▶ _RECORD EXTRACTS_
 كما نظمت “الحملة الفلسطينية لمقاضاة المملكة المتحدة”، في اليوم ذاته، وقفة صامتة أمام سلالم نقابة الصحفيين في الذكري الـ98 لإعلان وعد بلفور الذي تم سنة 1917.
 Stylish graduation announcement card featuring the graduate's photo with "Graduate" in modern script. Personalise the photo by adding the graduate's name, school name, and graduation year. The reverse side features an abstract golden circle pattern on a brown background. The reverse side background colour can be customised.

...

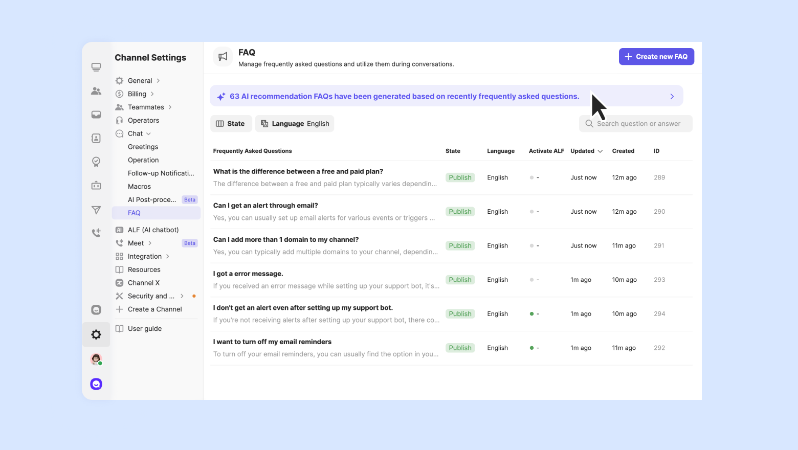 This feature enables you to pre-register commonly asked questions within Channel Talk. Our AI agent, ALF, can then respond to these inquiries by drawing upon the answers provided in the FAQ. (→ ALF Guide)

--

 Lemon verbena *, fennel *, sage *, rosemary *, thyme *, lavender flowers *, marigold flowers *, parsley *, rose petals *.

▶ _ACTION ITEM_
From the records above, transcribe without alteration every line from the one with "تم سنة 1917." to the one with "Stylish graduation announcement", inclusive.

▶ _SOLUTION FOR THIS EXERCISE_
 كما نظمت “الحملة الفلسطينية لمقاضاة المملكة المتحدة”، في اليوم ذاته، وقفة صامتة أمام سلالم نقابة الصحفيين في الذكري الـ98 لإعلان وعد بلفور الذي تم سنة 1917.
 Stylish graduation announcement card featuring the graduate's photo with "Graduate" in modern script. Personalise the photo by adding the graduate's name, school name, and graduation year. The reverse side features an abstract golden circle pattern on a brown background. The reverse side background colour can be customised.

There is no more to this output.